Formulations for parenteral administration include sterile aqueous solutions, non-aqueous solvents, suspensions, emulsions, lyophilized preparations, suppositories. As the non-aqueous solvent and the suspension solvent, propylene glycol, polyethylene glycol, vegetable oil such as olive oil, injectable ester such as ethyl oleate, and the like can be used. As a suppository base, witepsol, macrogol, tween 61, cacao butter, laurin butter, glycerogelatin and the like can be used.

In general, in medicine, the effective dose of the compound of formula 1 according to the present invention is 0.1 to 500 mg / kg, preferably 0.1 to 50 mg / kg, and may be administered once to several times daily. However, the dosage may need to be changed, and in particular, may be changed in consideration of the constitution specificity and weight of the subject to be treated, the type and depth of the disease, the nature of the formulation, the nature of the drug administration, and the duration or interval of administration.
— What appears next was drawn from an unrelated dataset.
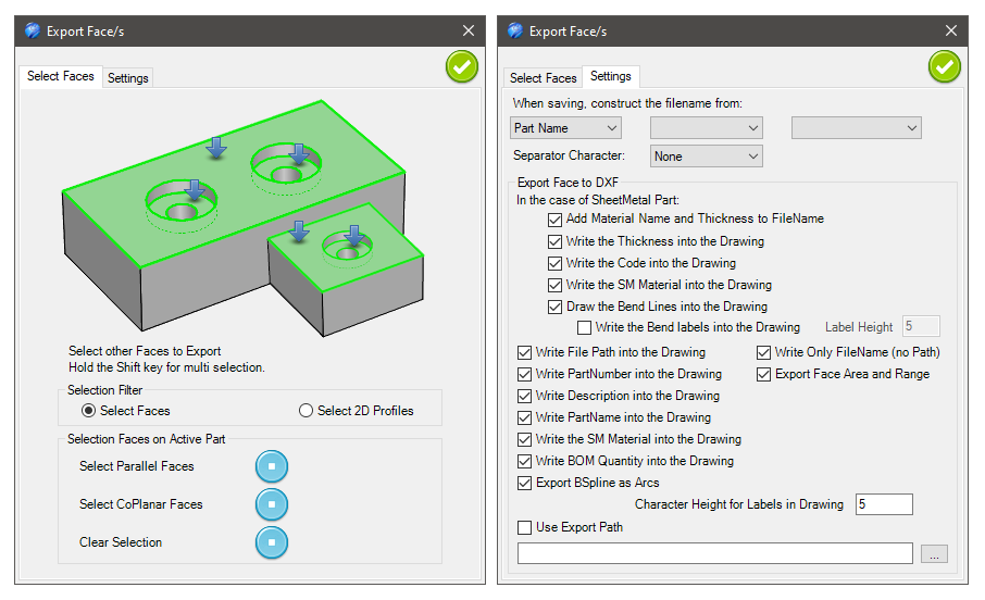 Use Export Path - Här kan du välja att alltid exportera alla filer (som skapas genom Face to DXF) till en och samma sökväg.

Minimum Inhibitory Concentration (MIC, ㎍ / ml) of the novel Sepharoseporin derivatives according to the present invention, significant antimicrobial activity compared to the existing Ceftazidime and Cefpirome (Cefpirome) Results were obtained and showed excellent antibacterial activity against Pseudomonas aeruginosa and Staphylococcus aureus.

Hereinafter, the present invention will be described in more detail with reference to Examples.
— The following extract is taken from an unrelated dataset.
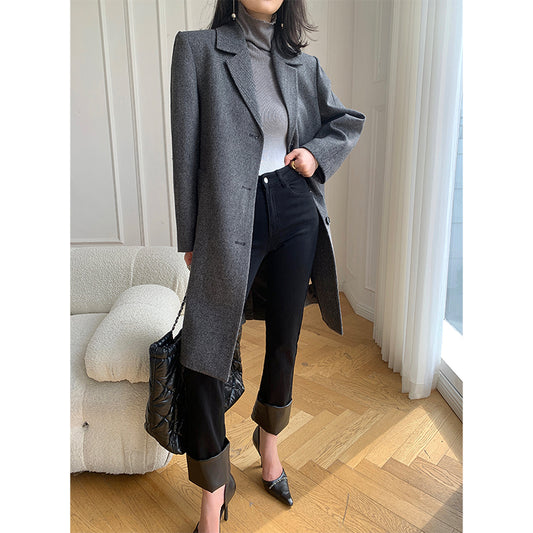 WANXO yellow plaid coat new high-end mid-length suit woolen coat- Kisa

However, the following examples are illustrative of the present invention, and the content of the present invention is not limited by the examples.

Example 1 7β- [2- (2-aminothiazol-4-yl) -2-methoxyiminoacetamido] -3- [3- (4-methylisoxazol-2-yl)- Preparation of 1-pyridino] methyl-3-cepem-4-carboxylate

0.4 ml of 4N-HCl and 1.2 ml of acetonitrile were placed in the flask, 0.75 g (1.54 mmol) of cytotaxic sodium salt, 2.25 g (15 mmol) of sodium iodide, and 3- (4-methylisoxazol-2-yl) Pyridine 0.86 (15 mmol) was added. After refluxing at 80 degrees for about 1.5 hours, ice-cooling and acetone were added. The reaction mixture in solid form, which was precipitated by scraping with a medicine spoon, was made in suspension, filtered, and washed with acetone. The precipitate was dried in vacuo at a temperature of 40-45 degrees and subjected to tube chromatography (CH ₃ CN: H ₂ O = 4: 1) using silica gel and then lyophilized to prepare the target compound. The yield was 12.3%.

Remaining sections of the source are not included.